I looked it up and found that 2013 is not an election year. I’m not slipping – politicians are just rushing the gun. As far as I know, only one candidate has declared to run next year. That candidate is the perennial Mitch McConnell, who seems to be demolishing in advance the people who might have the temerity to talk about maybe running against him.
Not only must we put up with this campaign for senator a year too early, the campaign against Hillary for president in 2016 has already begun. I understand thinking ahead, but this is ridiculous and very wearying to the electorate.
Meanwhile, who’s running the store? Congress is working its regular three days a week between vacations and nothing is getting done except a lot of votes against and vituperations delaying the business of the United States.
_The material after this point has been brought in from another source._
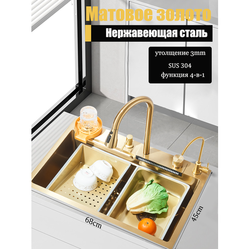 Купить Кухонный смеситель из нержавеющей стали 304 с матовым золотом, 68X45 см, полный комплект смывного устройства с доставкой по всей России. Кухонный смеситель из нержавеющей стали 304 с матовым золотом, 68X45 см, полный комплект смывного устройства: сравнение цен, характеристики, фото, актуальное наличие и цены.

This situation makes a cynic out of me, whose earlier life was spent believing that good things happen if the people want them to and that we have the duty as citizens to make those good ideas tangible. For most of my life, that happened. Life got better for most people and many wrongs turned into rights. Since we now have 24-7 news cycles – and maybe because we are bombarded with news – it has become impossible to believe in good things being intended and coming to pass. So I, the eternal optimist, am now a cynic.
That’s a fact of life, but more disturbing than my disillusionment is the cynicism of young people. I had dinner last week with my children (son and darling daughter-in-law and her daughter, my 35-year-old granddaughter). I’m deleting “step” from my vocabulary. She and her sister are now my granddaughters and Marsha’s grandchildren are my great grandchildren. The nomenclature is less clear but emotionally more satisfying.
Anyway, I was surprised to find my granddaughter even more cynical than I am. There’s something unfair about that. She and her generation should have some years of believing before they have lost their illusions – or maybe they haven’t been allowed to have any illusions.
The subject for this column is a little different from the one I had in mind until last Friday night. I was beginning to have that Watergate feeling (the “don’t trust anyone” wariness) and coincidentally (maybe) on the TV was shown again that excellent movie about Woodward and Bernstein who reported the Watergate mess. Thinking I was ahead of everybody else with that feeling, I was intending to use it for this column. Alas, the Friday night political shows on KET made the same comparisons even better than I was doing. I was scooped. Watching those programs was reassuring for me: other and better informed newspeople arrived at the same suspicions I had.